Efficiently Distilling LLMs for Edge Applications
Achintya Kundu, Fabian Lim, Aaron Chew, Laura Wynter, Penny Chong, Rhui Dih Lee
TL;DR
The paper tackles edge deployment of LLMs by proposing MLFS, a parameter‑efficient, multistage, low‑rank fine‑tuning framework for supertransformers that supports a palette of model sizes. It combines stage‑wise low‑rank adapters, gradient scaling across subnets, and dual knowledge/feature distillation to train many subnets within a single framework while keeping storage modest. Empirical results show encoder models can be compressed substantially with minimal performance loss and faster convergence, whereas decoder models benefit from model slicing to reduce training time, with meaningful gains on CodeLlama and Santacoder tasks.
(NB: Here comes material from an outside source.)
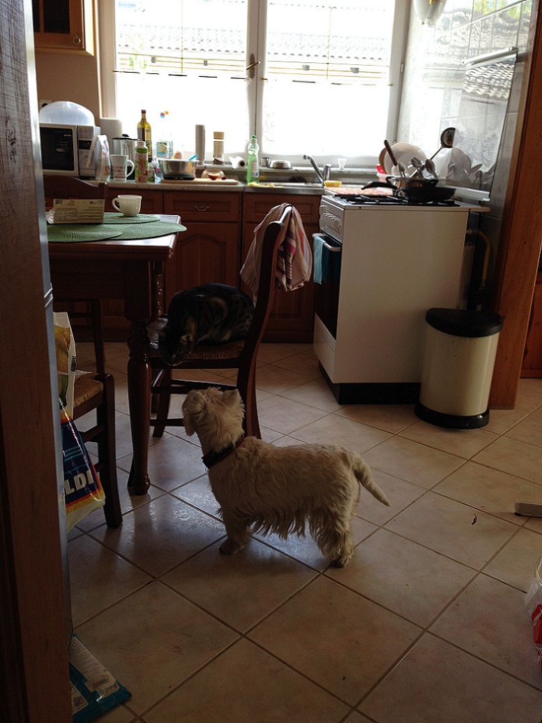 А если кто-то умудряется просочиться сюда, то он умудряется возлежать на всех стульях одновременно и при любых попытках сесть за стол орёт благим матом и бежит содержимое лотка по туалету рассыпать

Overall, MLFS enables practical, edge‑friendly fine‑tuning and deployment of heterogeneous LLMs, balancing accuracy, storage, and compute for enterprise needs, and suggests avenues for extending gradient scaling and distillation to broader architectures.
Abstract
Supernet training of LLMs is of great interest in industrial applications as it confers the ability to produce a palette of smaller models at constant cost, regardless of the number of models (of different size / latency) produced. We propose a new method called Multistage Low-rank Fine-tuning of Super-transformers (MLFS) for parameter-efficient supernet training. We show that it is possible to obtain high-quality encoder models that are suitable for commercial edge applications, and that while decoder-only models are resistant to a comparable degree of compression, decoders can be effectively sliced for a significant reduction in training time.